Community Wishlist Survey 2022/Multimedia and Commons/Improve LaTeX rendering

Improve LaTeX rendering

  • Problem: The current system for displaying mathematical formulas is very unsatisfactory. The formulas are converted into images in which the text appears in black on a transparent background, and then inserted into the text.

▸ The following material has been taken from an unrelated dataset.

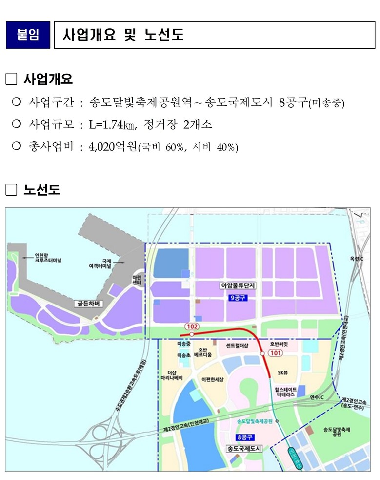 인천시는 지난 1월 23일 「인천1호선 송도8공구 연장사업 예비타당성조사 대응 연구용역」을 입찰 공고했다고 밝혔다. 이는 기획재정부 예비타당성조사라는 높은 관문을 통과하기 위해 선제적이고 체계적인 대응 전략을 마련하고자 한 것으로, 사업 추진에 대한 인천시의 강한 의지를 보여주는 조치다.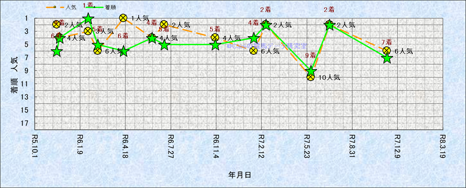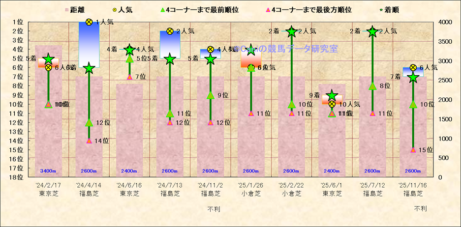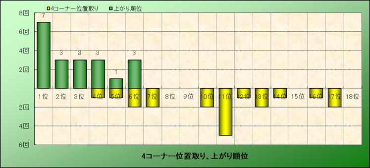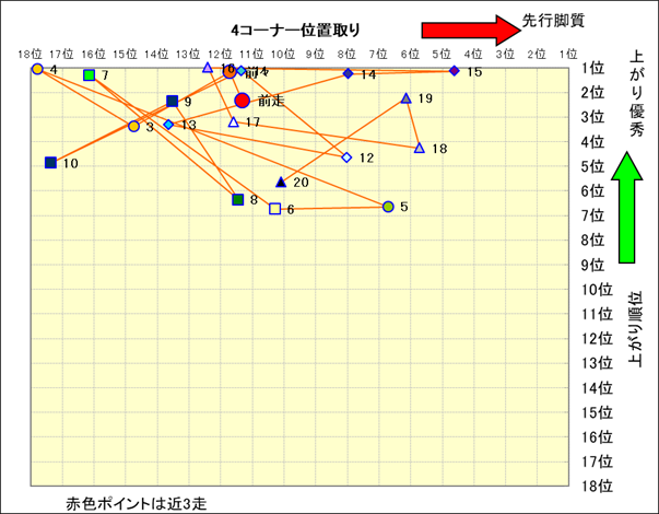 脚質解析 近20レースの4コーナーでの位置取りと上がり順位(頭数補正後) |

For this reason, mathematical formulas in some extent clash with the surrounding text:
    • Most important : sometimes punctuation signs are rejected on the next line when the formula is at the end of the line (cf. this page, in the second paragraph, or the next one, first line).
    • formulas are always black, whatever the color of the surrounding text (see this page, the note);
    • the alignment of the mathematical text on the line is not perfect;
    • less important, the font differs from the ambient font and does not have exactly the same size.
I would therefore like to see the formulas rendered in a more coherent manner with the surrounding text, and above all in such a way as not to violate the most basic rules of typography.
  • Proposed solution: MathJax for example?
  • Who would benefit: All readers of scientific articles on Wikipedia/scientific texts on Wikisource or Wikibooks.
  • More comments: Please note that the request does not concern the input of mathematics by contributors, but only their display.
  • Phabricator tickets:
  • Proposer: ElioPrrl (talk) 10:57, 11 January 2022 (UTC)Reply[reply]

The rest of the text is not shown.